Según la CE, el estudio destaca que la aplicación de los 12 acuerdos de libre comercio supondría un aumento equilibrado tanto de las exportaciones, como de las importaciones agroalimentarias de la UE, ligeramente superior de las exportaciones, que elevaría aún más la balanza comercial neta positiva del sector, con una previsión al alza en 2030, de 800 a 1.000 millones de euros, en función del escenario considerado. Además, las repercusiones sobre la producción y los precios de producción seguirían siendo moderadas. En concreto, las exportaciones agroalimentarias de la UE aumentarían un 2,8%-3,3%, en comparación con un escenario sin acuerdos de libre comercio, es decir, entre 4.700 y 5.500 millones de euros más.

En aves de corral, el estudio concluye que, según los escenarios conservador y ambicioso, las importaciones deberían aumentar un 22% y un 29%, respectivamente, y el aumento previsto del consumo interno de este tipo de carnes debería mantener los niveles de producción de la UE en 2030.

En carne de vacuno, las importaciones de la UE en ambos escenarios podrían aumentar entre 85.000 y 100.000 toneladas, mientras que las exportaciones lo harían entre 25.000 y 40.000 t, con precios de producción un 2,4% más bajos, con efectos marginales sobre el consumo y la producción al aumentar las ventas al exterior.
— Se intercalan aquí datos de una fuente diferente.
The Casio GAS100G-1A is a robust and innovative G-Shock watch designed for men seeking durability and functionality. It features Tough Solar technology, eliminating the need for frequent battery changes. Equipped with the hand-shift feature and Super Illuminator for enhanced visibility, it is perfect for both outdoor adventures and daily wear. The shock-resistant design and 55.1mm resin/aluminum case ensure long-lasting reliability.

En el marco del acuerdo con Mercosur, la UE permitirá la entrada en cinco años de 99.000 t de carne de vacuno, con un derecho del 7,5%.
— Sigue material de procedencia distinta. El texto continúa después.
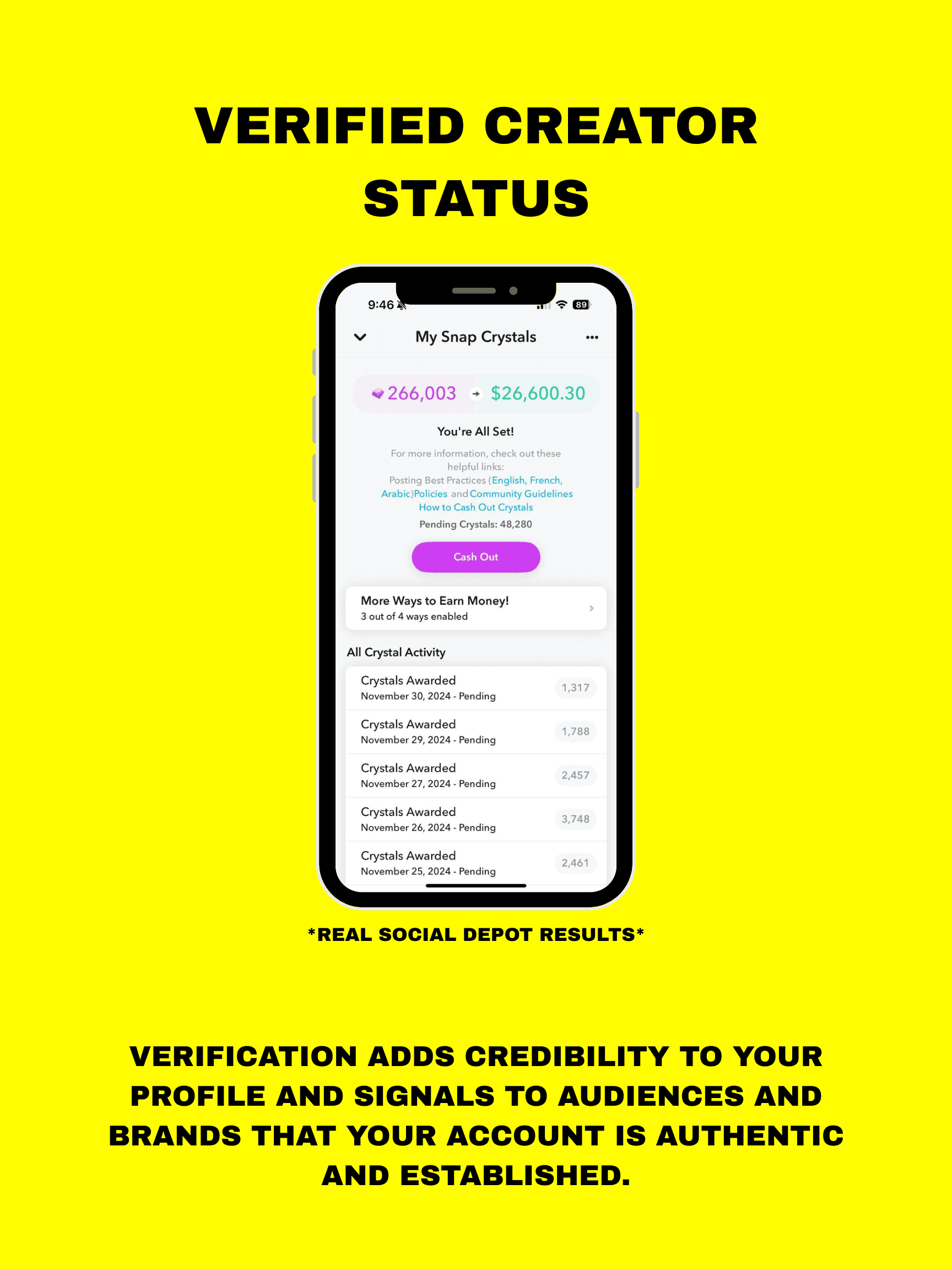Once verified, creators can unlock multiple revenue streams on Snapchat. With strong audience growth and the right monetization strategy, creators can earn through platform payouts, brand collaborations, and recurring promotional campaigns. Many creators see a 4.6x growth in creator revenue!

En productos lácteos, las exportaciones aumentarían un 7,3% en 2030 y en 1.300 millones de euros, con un crecimiento aproximado del 0,2% de la producción y unos precios favorables, con un alza de 890 millones de euros de valor de mercado en 2030.

En carne de porcino, las exportaciones hasta 2030 aumentarían un 8,9% y en 914 millones de euros en el escenario más ambicioso, con precios de producción un 4,8% más altos y un 1% más de producción, con un aumento de 2.000 millones de euros en su valor de mercado.
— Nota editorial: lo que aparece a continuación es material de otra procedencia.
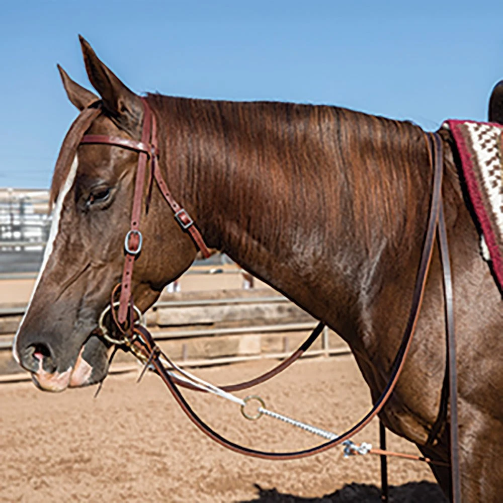 Harness leather with bronze hardware, bungee cord center, sliding nylon rope with snap ends. When the head-setter is adjusted to the desired headset, the horse feels resistance when their head raises and will be rewarded when the head is returned to the desired level. Snaps directly to the bit.

En relación a los sectores considerados sensibles, las importaciones de arroz aumentarían entre un 2,2% y un 3,2%, lo que llevaría a disminuir la producción y los precios del arroz a nivel interno, mientras que en azúcar las compras crecerían un 12-13% en comparación con el escenario de referencia.

En el resto de sectores, las exportaciones de productos agrícolas transformados (PAT) aumentarían un 3,1% y en 1.700 millones de euros en un escenario ambicioso, mientras que las exportaciones de vino y de bebidas podrían crecer un 2%, añadiendo 834 millones de euros de valor de mercado en 2030.

Ejercicio teórico

La propia CE echa tierra sobre su propio estudio, calificado de “ejercicio teórico” y, en parte, lo invalida al constatar que sus resultados no reflejan ni la repercusión del Pacto Verde, ni el Acuerdo de Comercio y Cooperación de la UE con Reino Unido, ni la pandemia de Covid-19.

Considera, además, que el análisis de los efectos económicos y medioambientales en las repercusiones comerciales y económicas en el sector agroalimentario de la UE es un ejercicio “diferente” y “complicado”, que queda fuera del ámbito del diseño del estudio. Estos efectos, añade, se analizan en la evaluación del impacto sobre la sostenibilidad (EIS), que acompaña a cada acuerdo bilateral. Y concluye señalando que los objetivos del Pacto Verde siguen siendo una prioridad para la Comisión, también en términos de intercambios comerciales, y que “la UE colaborará de forma proactiva con todos los socios comerciales y hará un mejor uso de los acuerdos comerciales existentes y futuros para reforzar la sostenibilidad alimentaria. Dicho en  “roman paladino”: estamos ante un nuevo “brindis al sol” de la CE, que servirá para resolver muy poco o nada los problemas que existen y que seguirán produciéndose, con más crudeza incluso, en el comercio de productos agroalimentarios de la UE con países terceros.